• **YOUR ASSIGNMENT**
Include the line with "美式轻奢实木花瓣沙发现代简约沙发茶几组合别墅小户型客厅家具" and every line before it in the entries below, echoed exactly, but not the pictures.
====================
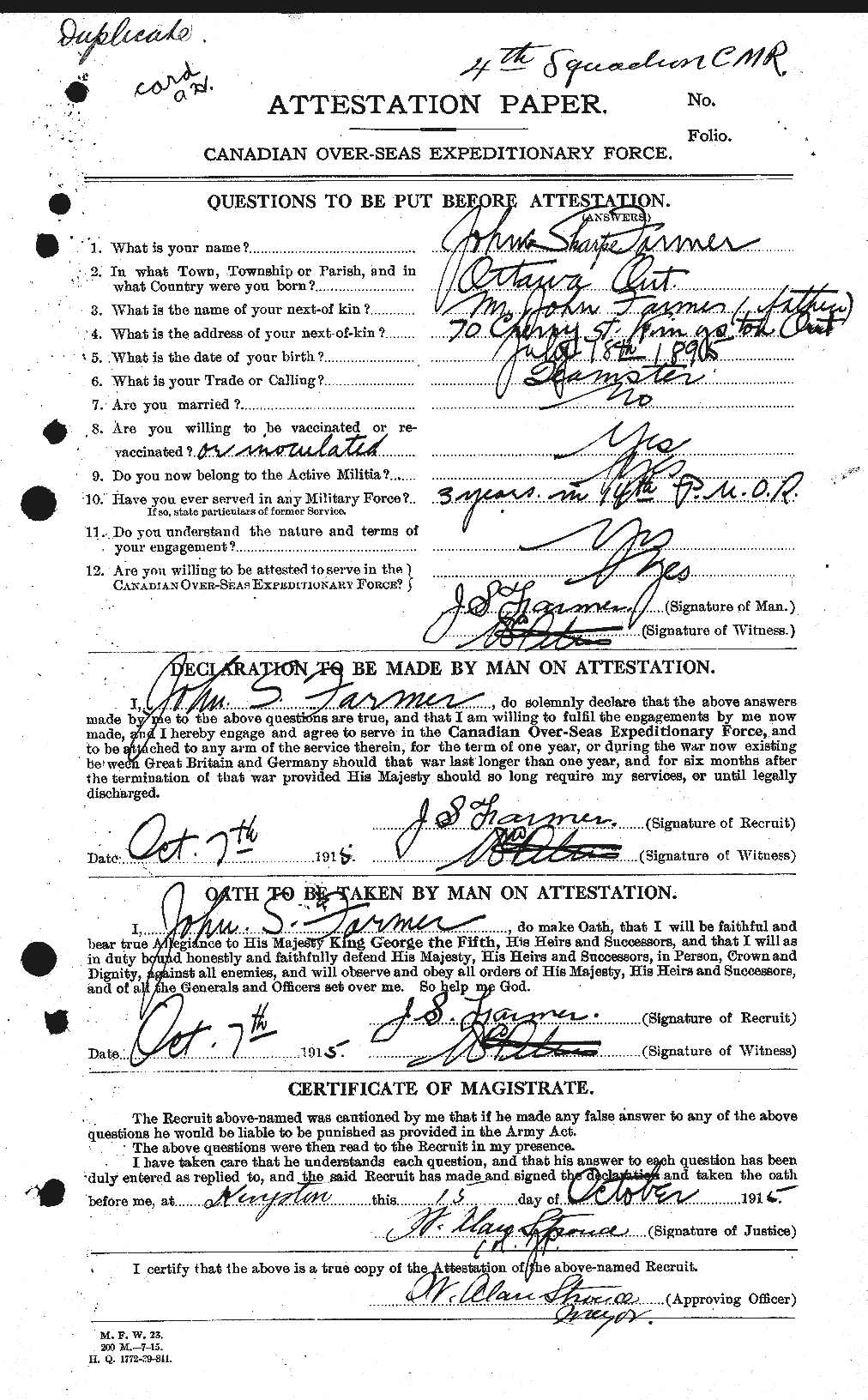 Family Search: When Sergeant John Sharpe Farmer was born on 18 July 1895, in Gloucester, Carleton, Ontario, Canada, his father, John George Farmer, was 31 and his mother, Elizabeth Sharpe, was 30. He lived in Carleton, Ontario, Canada in 1901 and Russell, Prescott and Russell, Ontario, Canada in 1911. He registered for military service in 1918. In 1918, his occupation is listed as sergeant in canadian infantry 18th bn. (western ontario regiment) in Rivière, Pas-de-Calais, France. He died on 14 April 1918, in Neuville-Vitasse, Pas-de-Calais, France, at the age of 22, and was buried in Arras, Loir-et-Cher, France.
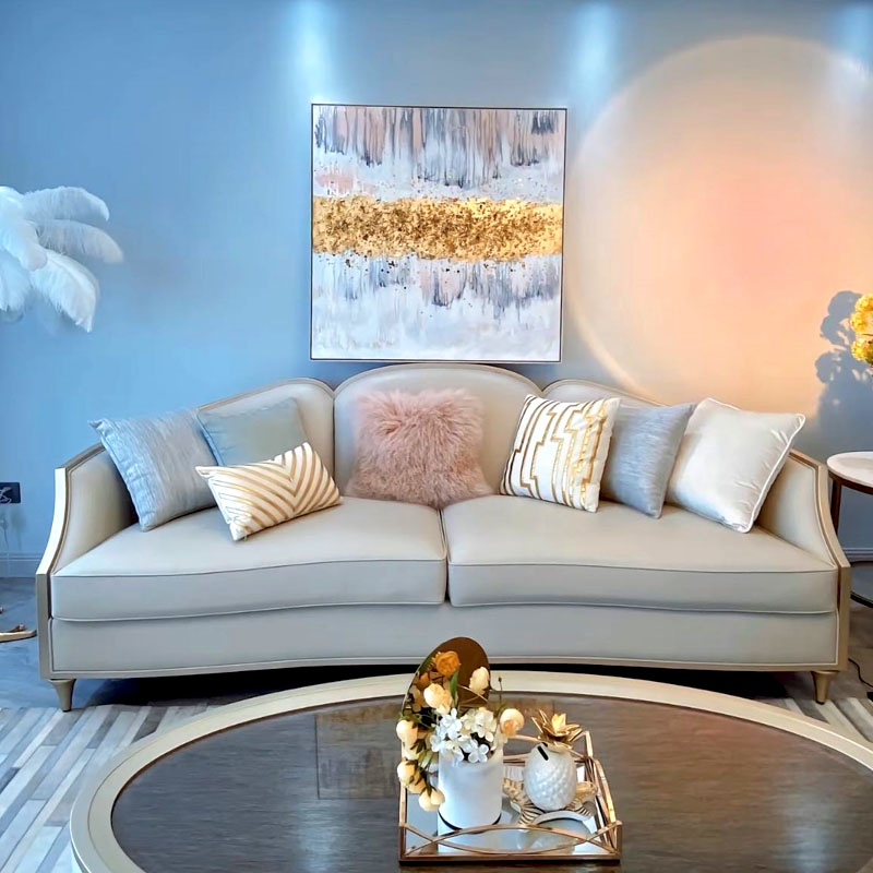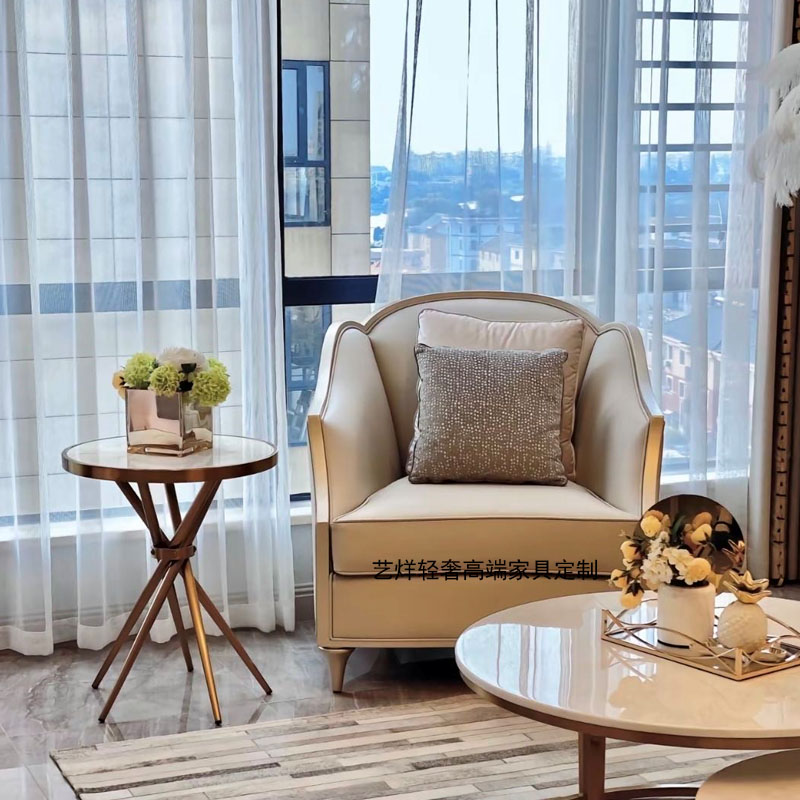 美式轻奢实木花瓣沙发现代简约沙发茶几组合别墅小户型客厅家具
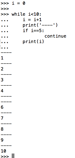 i = 0 while i<10: i = i+1 print('----') if i==5: continue print(i)运行结果:
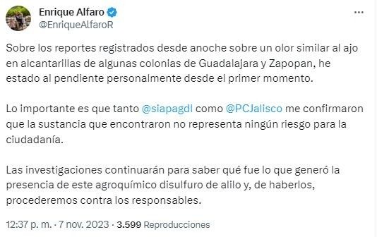 Luego de alrededor de 12 horas de que ciudadanas y ciudadanos reportaran la presencia de un extraño olor a ajo en distintos puntos de la Zona Metropolitana de Guadalajara (ZMG), esta mañana autoridades estatales confirmaron la sustancia que estuvo ocasionándolo.Se trata, dijo, de un agroquímico compuesto de disulfuro de alilo, molécula precisamente contenida en el ajo, y que en el sector puede ser utilizado para el control de plagas y enfermedades en la agricultura, por ejemplo, para semillas y cultivos. "Lo importante es que tanto el Siapa como la Unidad Estatal de Protección Civil y Bomberos Jalisco me confirmaron que la sustancia que encontraron no representa ningún riesgo para la ciudadanía", aseveró el Ejecutivo del Estado a través de sus redes sociales.Hasta el momento no se ha dado a conocer la fuente de donde provino tal sustancia. El gobernador de Jalisco añadió que las investigaciones continuarán para saber qué fue lo que generó la presencia de este agroquímico, que en caso de resultar alguna persona responsable "se procederá en su contra".Por la mañana, algunas versiones apuntaron a que el olor podía deberse a la presencia de acrilonitrilo, sustancia contenida en un camión que fue robado el pasado 15 de octubre y que resultó en la emisión de una alerta para todo el estado de Jalisco, así como a Nayarit, Zacatecas, Guanajuato, San Luis Potosí, Michoacán y Colima, pues se trata de una sustancia peligrosa e incluso mortal, si se inhala o absorbe por la piel u ojos.Sin embargo, con la versión emitida por la autoridad estatal, esta versión, por ahora, ha quedado descartada.*Mantente al día con las noticias, únete a nuestro canal de WhatsApp OF
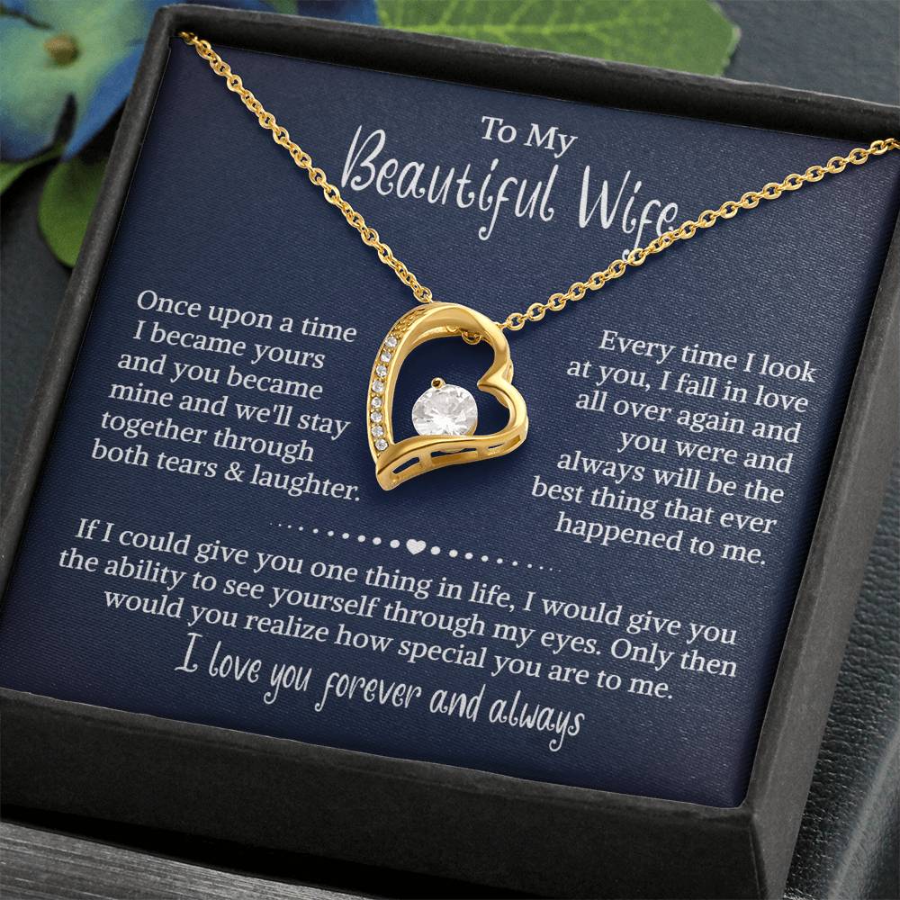 The dazzling Forever Love Necklace is sure to make her heart melt! This necklace features a stunning 6.5mm CZ crystal surrounded by a polished heart pendant embellished with smaller crystals to add extra sparkle and shine. Beautifully crafted with either a white gold or yellow gold finish, be sure to give her a classic gift she can enjoy everyday.
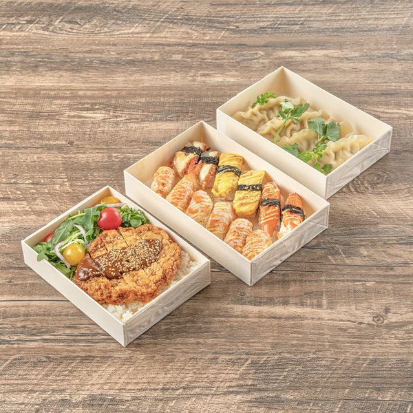 Elevate your food presentations with our Taipei 31-ounce Rectangular Wooden Bento Boxes. Thoughtfully engineered with a collapsible base, these eco-friendly containers streamline storage and speed up assembly, perfect for high-volume service lines and efficient catering setups. Made from natural poplar wood, these boxes are both biodegradable and commercially compostable, aligning with sustainable foodservice goals. For a cohesive packaging solution, pair with our coordinating poplar or plastic lids to protect contents without compromising presentation (SKU: RWB0791K & RWP1937C). Freezer-safe for added versatility, they’re great for preparing and storing sushi rolls, fresh fruit, small bites, or temperature-sensitive fare. Their authentic wood texture and polished surface convey a clean, upscale aesthetic that adds to brand value. Each container measures 7.9 inches long by 4.8 inches wide by 1.4 inches tall and accommodates up to 31 ounces. Sold in a 100 count box.
====================
• **SOLUTION TO THE EXERCISE**
 Family Search: When Sergeant John Sharpe Farmer was born on 18 July 1895, in Gloucester, Carleton, Ontario, Canada, his father, John George Farmer, was 31 and his mother, Elizabeth Sharpe, was 30. He lived in Carleton, Ontario, Canada in 1901 and Russell, Prescott and Russell, Ontario, Canada in 1911. He registered for military service in 1918. In 1918, his occupation is listed as sergeant in canadian infantry 18th bn. (western ontario regiment) in Rivière, Pas-de-Calais, France. He died on 14 April 1918, in Neuville-Vitasse, Pas-de-Calais, France, at the age of 22, and was buried in Arras, Loir-et-Cher, France.
 美式轻奢实木花瓣沙发现代简约沙发茶几组合别墅小户型客厅家具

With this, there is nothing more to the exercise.